2182 - Observability loading issues#2208

Merged
crivetimihai merged 6 commits intomainfrom
2182-observability-loading-issues
Jan 20, 2026
Merged

2182 - Observability loading issues#2208
crivetimihai merged 6 commits intomainfrom
2182-observability-loading-issues

Conversation

@gcgoncalves
Copy link
Copy Markdown
Collaborator

@gcgoncalves gcgoncalves commented Jan 20, 2026

🐛 Bug-fix PR

📌 Summary

This PR addresses several issues:

  1. PostgreSQL GroupingError in Observability: The observability API endpoints for tools, prompts, and resources would fail when using a PostgreSQL database due to an SQL GROUP BY error. This prevented users on PostgreSQL
    from using the observability features.
  2. Frontend Chart Rendering Bugs: The observability dashboard experienced rendering errors, such as "Canvas is already in use," when navigating between tabs or when charts were redrawn. This led to a broken and unreliable
    user experience.
  3. Inconsistent Tooling Behavior: Some data-generating tools did not correctly handle workspace directories, and some write-intensive tools did not properly respect read-only mode.
  4. Partial Data Loading in UI: The observability sub-tabs (Metrics, Tools, Prompts) would re-fetch and re-render their content unnecessarily on every view, leading to slow performance and flickering.

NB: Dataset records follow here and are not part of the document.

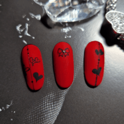 Krémový gél lak v odtieni cezmínovo červenej (magyal červená), s vysokým obsahom pigmentu, ktorý zabezpečuje dokonalé krytie už v jednej vrstve.
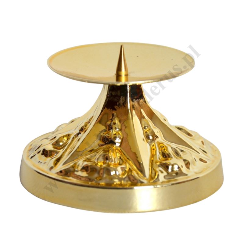 Lichtarzyk wykonany z mosiądzu o wysokości 5 cm, średnica podstawy 8.5 cm, średnica talerzyka pod świece 6 cm.
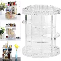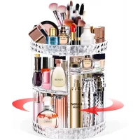 This stylish and practical makeup organizer features a 360° rotation that accommodates items of all sizes, including perfumes, lipsticks, and skincare products. Its transparent design provides visibility from every angle, which makes it ideal for dressing tables and makeup studios.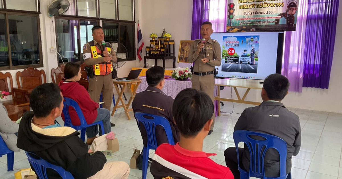 วันที่ 21 มี.ค.2568 เวลา 10.00 น. พ.ต.อ.คณพศ พนมชัย ผกก.ภ.นาแก มอบหมายให้ พ.ต.ท.นรเศรษฐ สืบสำราญ สวป สภ.นาแก ร.ต.ต.วินัย มีระหงษ์ รองสว.(ป.) สภ.นาแก พร้อมกับชุดจราจร เป็นวิทยากรให้ความรู้ เกี่ยวกับการชับขีปลอดภัยเสริมสร้างวินัยจราจร ให้กับนักศึกษาศูนย์ส่งเสริมการเรียนรู้อำเภอนาแก ณ ห้องสมุดประชาชนอำเภอนาแก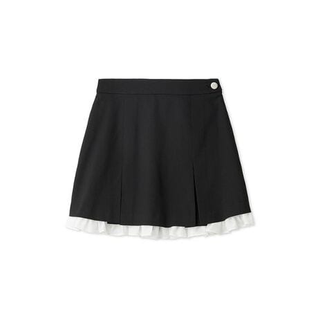 ・プリーツスカートの裾からフリルを覗かせたレイヤードデザインのスカショーパン。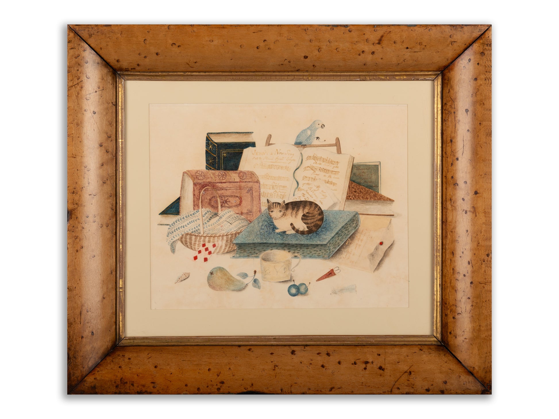 Delightful Naive Still Life Depicting A Parrot and Tabby Cat Surrounded by Books and Domestic Objects Pen, Ink and Watercolour on Paper in Original Maple FrameEnglish, c.1850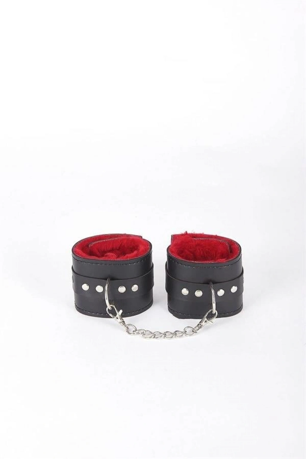 VipMarketim Siyah Kırmızı İçi Tüylü Bileklikli Kelepçe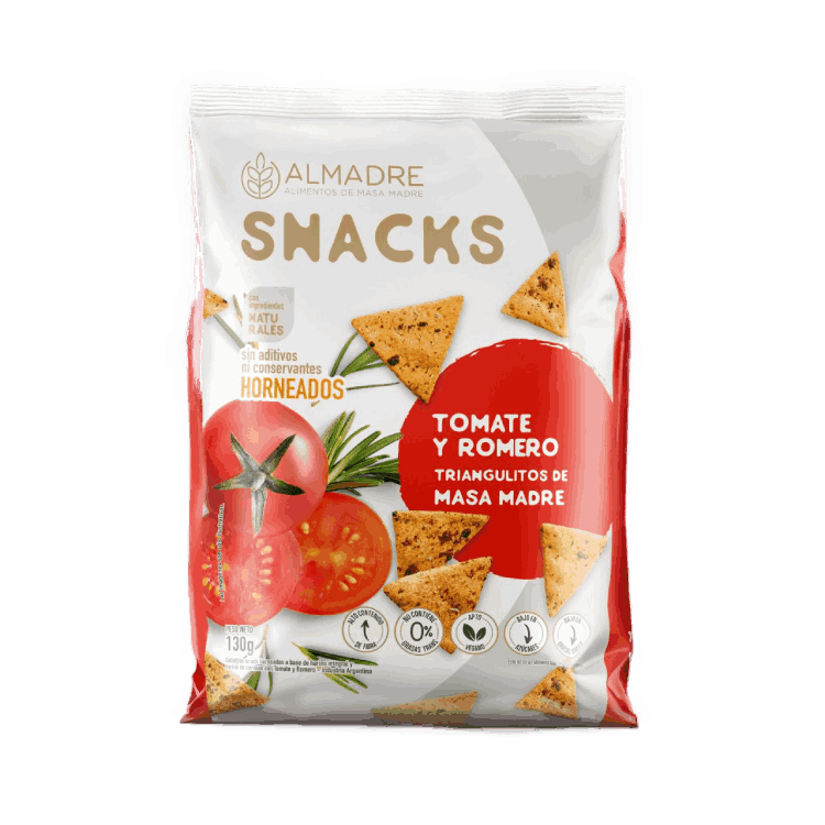 Disfrutá los Almadre Pita Chips Tomate y Romero, horneados y hechos con masa madre.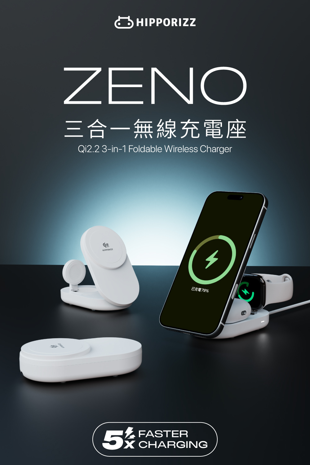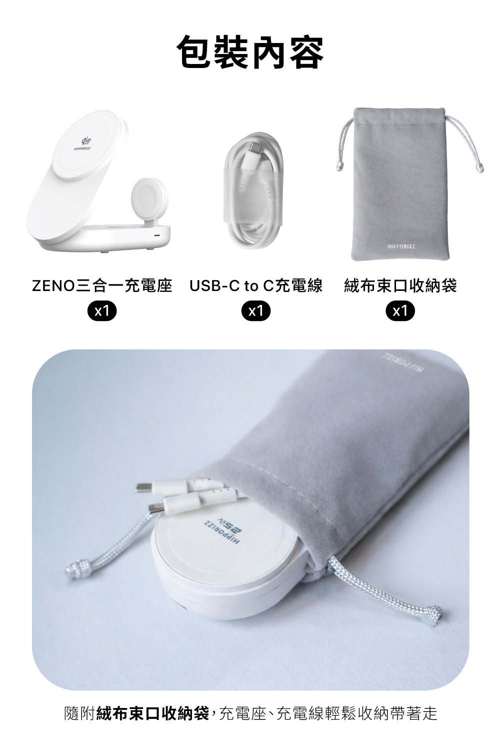 包裝內容物:ZENO三合一充電座*1, USB-C to C充電線*1, 絨布束口收納袋*1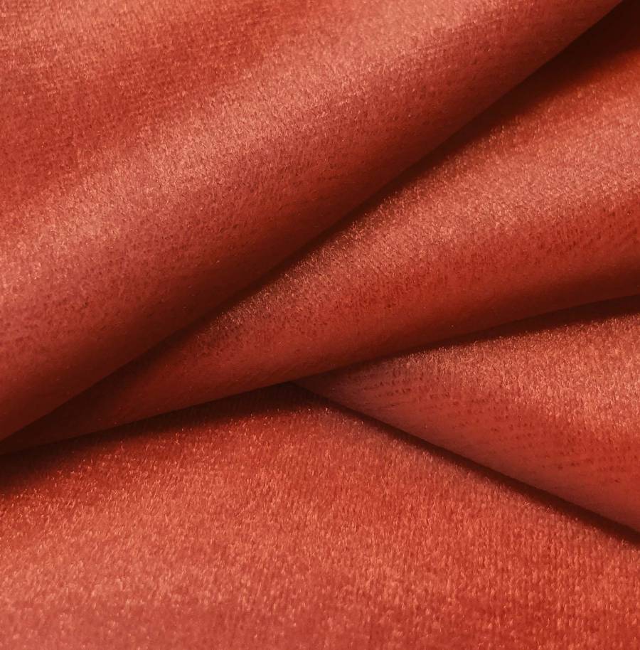 La tela está impresa con este color liso a una sola cara por impresión digital textil, lo que garantiza una alta calidad y durabilidad en el color. La textura suave y brillante del terciopelo realza la intensidad del color naranja, creando un efecto visual llamativo y elegante.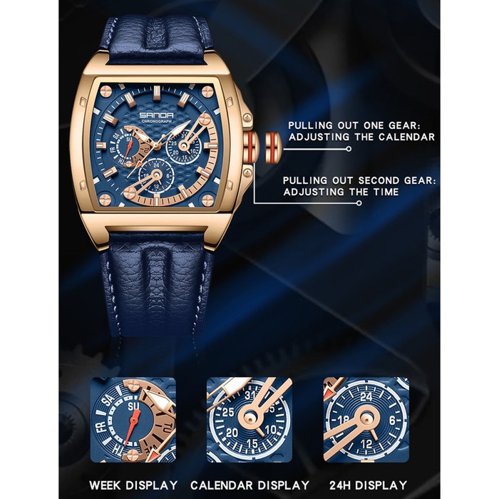 Часы наручные, d=4.8 см, длина ремешка l=26.7 см, хронограф, светящиеся, водонепроницаемые, ремешок кожа — Характеристики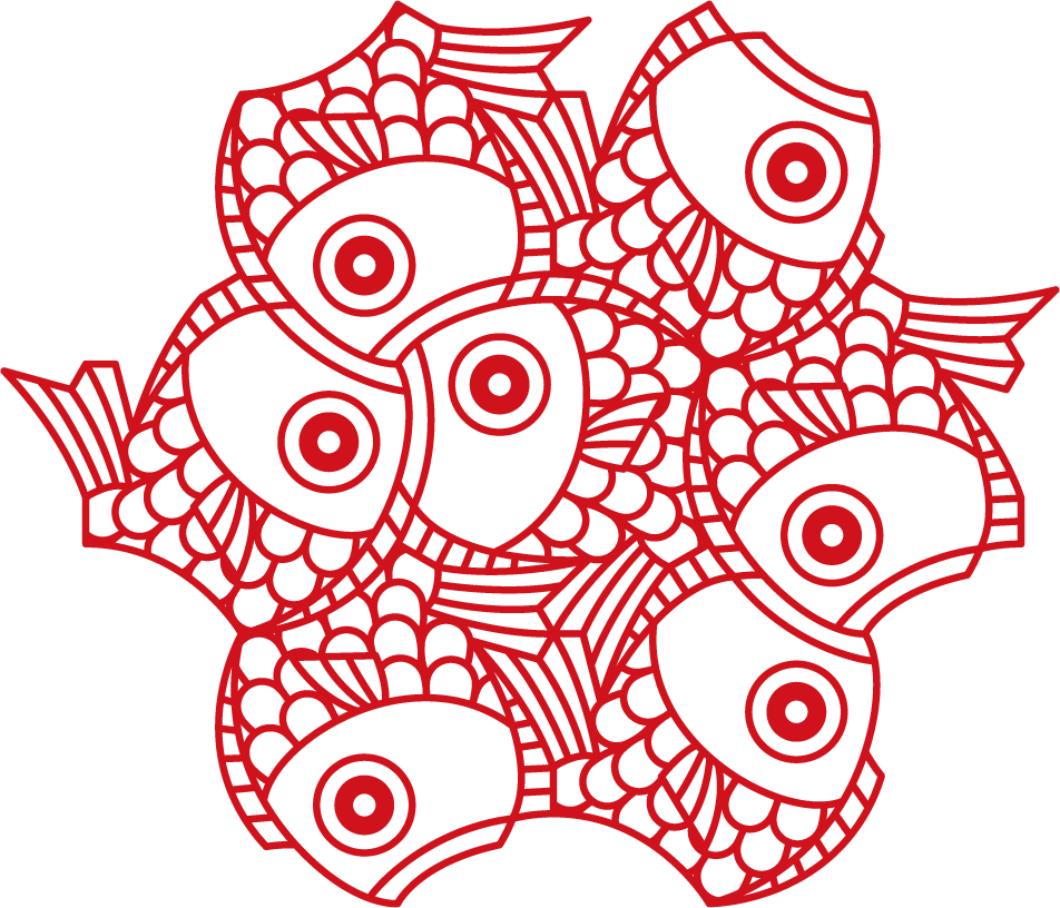 ①お祝い柄を色々作ってタオルと生地にしようと考えました。ポピュラーセレブレーションフィッシュでお馴染みの鯛をモチーフにエンドレスコングラチュレーションな柄を作るのに難儀したので、この制作過程をご紹介しちゃいます。
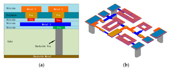 The proposed filter is designed and fabricated using a commercial 0.25 μm GaAs pHEMT technology, which is the mainstream technology to implement low-noise amplifiers, power amplifiers, and switches of RF front-ends for wireless communication systems. The passive devices based on this technology tend to have similar performance as they are designed on a GaAs IPD by the reason of the same GaAs substrate, nitride dielectric layers, and gold metal layers. A bandpass chip filter realized with this process has the potential to be easily integrated within the RF SiP systems. The simplified layer structure on a GaAs substrate with nitride dielectric layers is shown in Figure 1a. Only the passive dielectric layers and metal layers are used to implement this filter, so the active device layers are ignored in this design. There are two metal layers (M1 and M2), which are gold. The metal layers are insulated by several nitride dielectric layers and a polymide dielectric layer. The thickness of M1 is 1 μm, and M2 is a thick metal with an optional thickness (2 μm or 4 μm). A 4 μm thickness is chosen for M2 in this design to enhance the power-handling capacity of inductors and reduce the metal loss of metal lines, inductors, and conductors. Layers M1 and M2 are connected by the metallization backside via holes. The second nitride layer is adopted to form the MIM capacitor. The inductor is realized by the spiral structure composed of M1 and M2.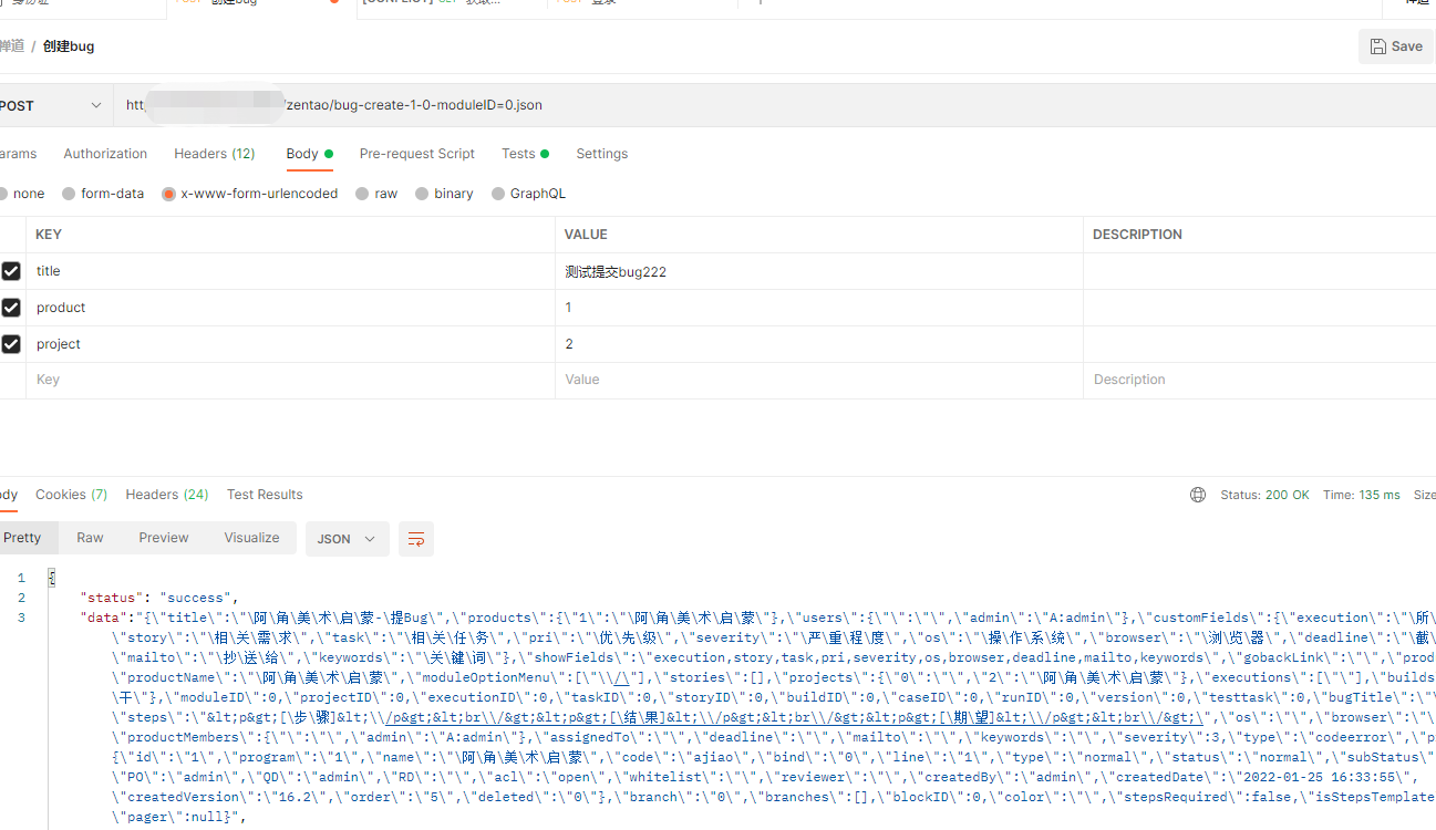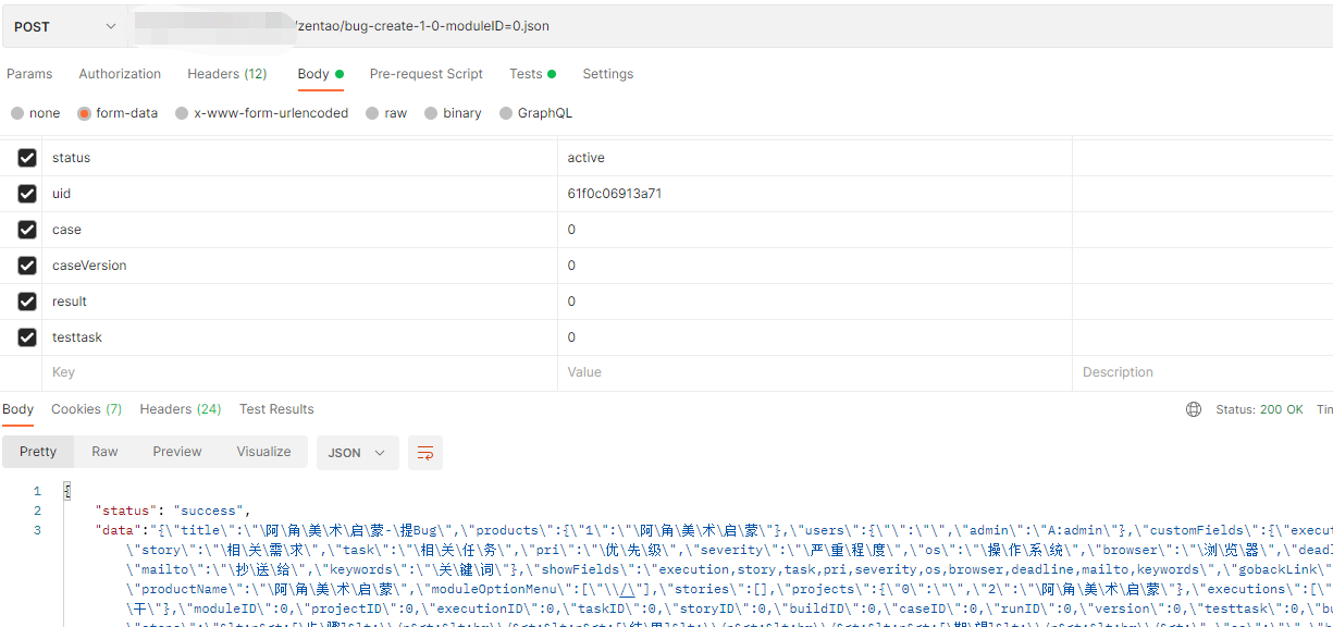 通过postman调用禅道API,无法创建bug,返回一个创建bug初始化列表已解决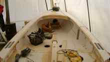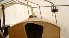 Please note that under no circumstances are you to put a wood stove in a tent or tarp shelter, however, I am “not all there” so had no hesitation with cutting a hole in the roof and putting in the woodstove. I only mention these things because it took a bit of time and thought as how I could do the necessary work and not loose time on the water this coming summer. It’s done and it works. The stove loves to consume wood but I get a warm 25C work space even with high winds and snow blowing under the walls.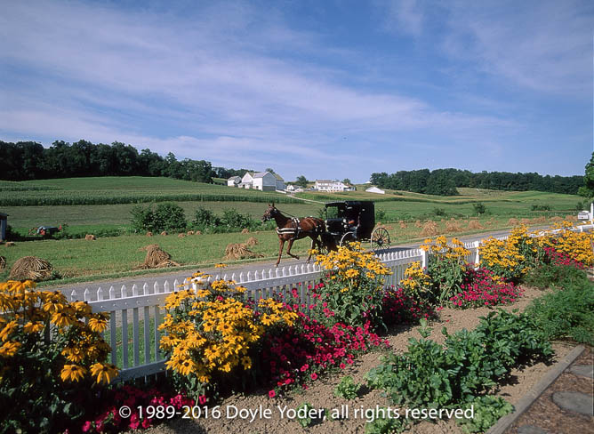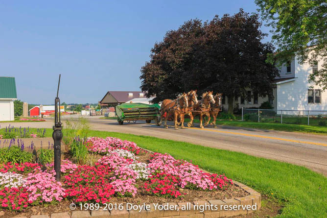 Mt Hope, Holmes Co. Ohio Buggy Flower garden with team of horses pulling wagon behind on road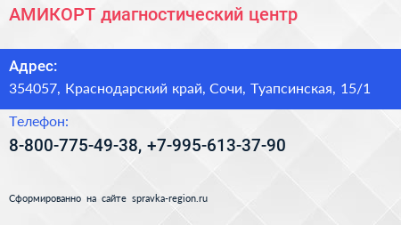 АМИКОРТ, диагностический центр по адресу 354057, Краснодарский край, Сочи, Туапсинская, 15/1 в дальнейшем Организация, размещена в следующих категориях: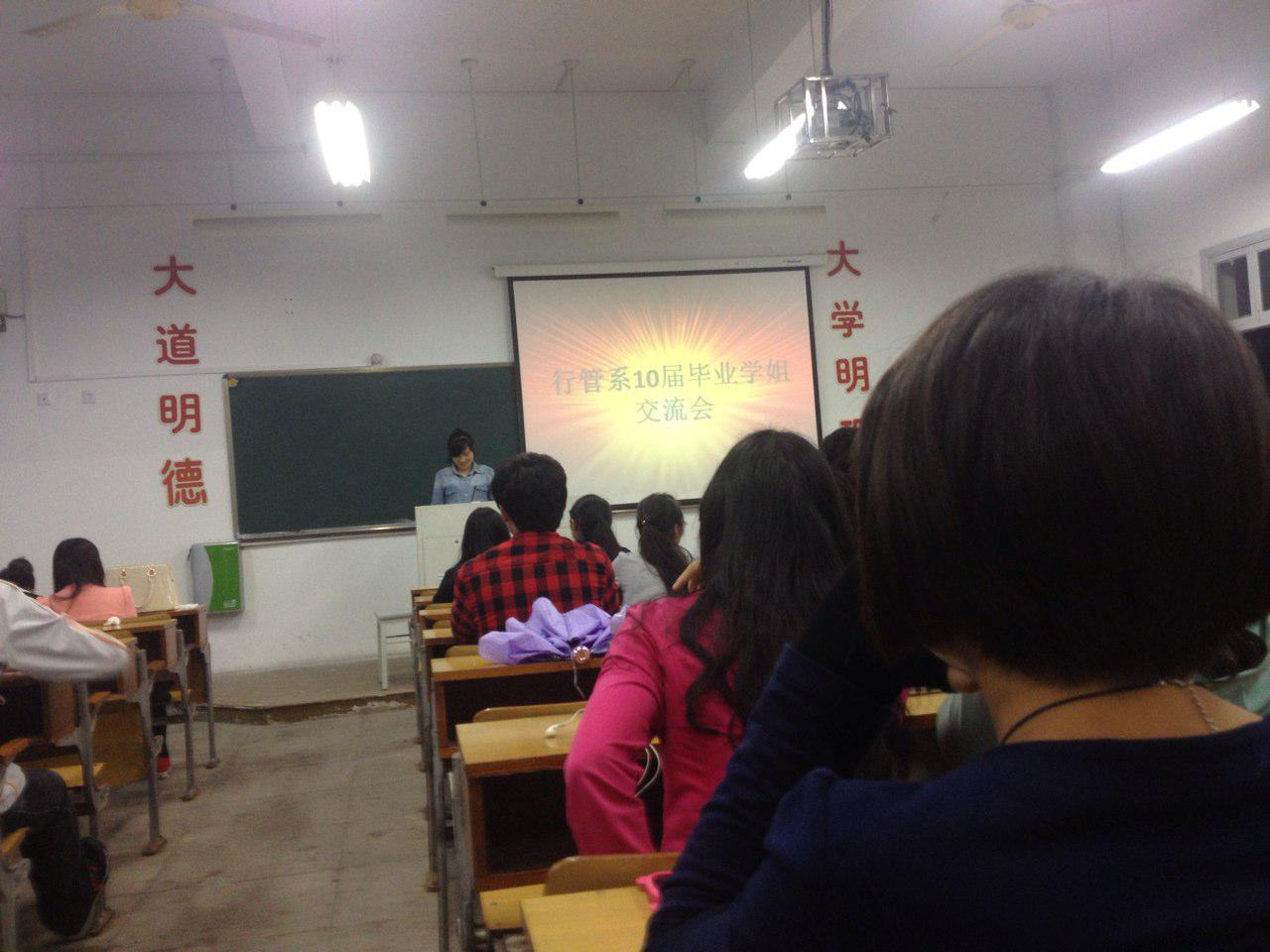 2014年5月12日,10行管的几位学姐应行管老师邀请,来到法政楼103与学弟学妹们进行经验交流。此次活动一共请到了五位优秀的行管毕业学姐,陈影、陈明倩、邢远阁、李弯弯、翟梦洁学姐。
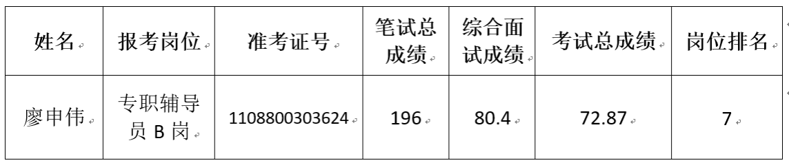 当前位置: 首页 >> 通知公告 >> 正文 太阳集团tyc122cc2024年公开招聘事业单位工作人员体检环节递补人员公告 时间:2024年07月11日 10:17 作者:李栋桦 因考生在体检环节自动放弃参加后续招聘环节,现我校专职辅导员B岗产生缺额1名。按照《重庆市属事业单位2024年第二季度公开招聘工作人员公告》,经学校研究确定进行递补,现将递补人员公告如下: 递补考生按照太阳集团tyc122cc人事处电话通知按时按要求参加体检。体检有关事宜详见2024年7月8日太阳集团tyc122cc人事处网站发布的《太阳集团tyc122cc关于公布2024年公开招聘事业单位工作人员考生成绩及体检安排的通知》。 太阳集团tyc122cc人事处 2024年7月11日 上一条:太阳集团tyc122cc拟聘用工作人员人选公示 下一条:太阳集团tyc122cc关于公布2024年公开招聘事业单位工作人员考生成绩及体检安排的通知 【关闭】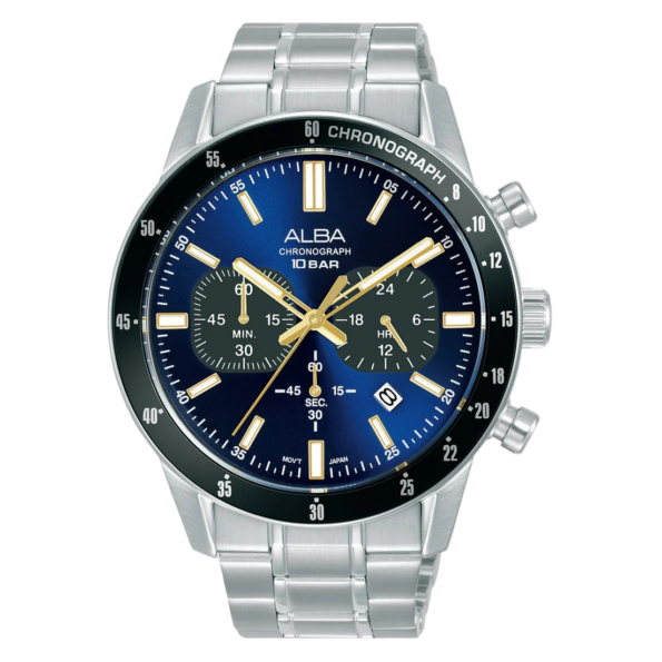 The Alba Men’s Active Chronograph Watch – Model AT3J73X1 is designed for individuals who seek both style and performance. The 44mm stainless steel case houses a striking dark blue dial, complemented by luminous hands and hour markers, ensuring readability in various lighting conditions. This chronograph watch features sub-dials for measuring elapsed time, adding to its functionality. Powered by a precise quartz movement, it offers accurate timekeeping and includes a convenient date display. The stainless steel bracelet enhances its durability and is secured with a three-fold clasp with a push-button release for a comfortable fit. With a water resistance of up to 10 bar (100 meters), this watch is suitable for daily wear, including swimming and snorkeling. The mineral crystal protects the dial, maintaining its clarity over time.

These fixes are important for ensuring the platform is stable, performant, and database-agnostic, providing a reliable experience for administrators and developers monitoring the system.

Closes #2182

🔁 Reproduction Steps

  1. PostgreSQL GroupingError:

    • Configure the application with a PostgreSQL database.
    • Navigate to Admin > Observability and open the "Tools", "Prompts", or "Resources" sub-tabs.
    • Observe API failures for the analytics data and errors in the UI.
  2. Frontend Chart Rendering Errors:

    • Navigate to Admin > Observability.
    • Quickly switch between the "Metrics", "Tools", and "Prompts" tabs.
    • Observe "Canvas is already in use" errors in the browser's developer console and broken chart visualizations.

🐞 Root Cause

  • PostgreSQL Error: The issue stemmed from SQLAlchemy generating different column expressions for the SELECT list and the GROUP BY clause when extracting data from JSON fields. PostgreSQL requires these expressions to be identical, which was not the case, leading to a GroupingError.
  • Frontend Chart Bug: Chart.js instances were not being properly destroyed before being re-initialized on the same <canvas> element. This occurred because each observability panel managed its own charts independently and without a proper cleanup lifecycle when the view was changed.

💡 Fix Description

  • PostgreSQL Error: The queries in mcpgateway/admin.py were refactored to create a single SQLAlchemy expression for the JSON field extraction. This expression is now stored in a variable and reused in both the SELECT and GROUP BY clauses, ensuring compatibility with PostgreSQL's strict grouping requirements.
  • Frontend Chart Bug:
    • A global window.chartRegistry was introduced in mcpgateway/static/admin.js to manage the lifecycle of all Chart.js instances centrally.
    • The observability panels now register their charts with this registry and use it to destroy old charts before creating new ones.
    • Logic was added to automatically destroy charts when a user navigates away from the observability tab, preventing memory leaks and rendering conflicts.
    • The partial views are now loaded only once and cached, preventing redundant API calls and re-renders.

📋 Testing

  • End-to-End Test (tests/e2e/test_admin_apis.py): A new test test_observability_endpoints_with_database was added to call the affected API endpoints and ensure they return a successful response with the correct data
    structure when backed by a database.
  • Unit Tests (tests/unit/mcpgateway/test_admin_observability_sql.py): New test classes were added to verify the query construction. These tests are parameterized to run against both "postgresql" and "sqlite" dialects,
    ensuring the fix works for both and doesn't introduce regressions.

🧪 Verification

Check Command Status
Lint suite make lint
Unit tests make test
Coverage ≥ 90 % make coverage
Manual regression no longer fails steps / screenshots

✅ Checklist

  • Code formatted (make black isort pre-commit)
  • No secrets/credentials committed

@gcgoncalves gcgoncalves force-pushed the 2182-observability-loading-issues branch from 5c76698 to c0d0418 Compare January 20, 2026 10:43
@gcgoncalves gcgoncalves marked this pull request as ready for review January 20, 2026 11:27
gcgoncalves and others added 6 commits January 20, 2026 20:04
Resolves a GroupingError that occurred in PostgreSQL when querying
observability data (tools, prompts, resources). The error was caused by
SQLAlchemy generating different column expressions for the SELECT list
and the GROUP BY clause when extracting data from JSON fields.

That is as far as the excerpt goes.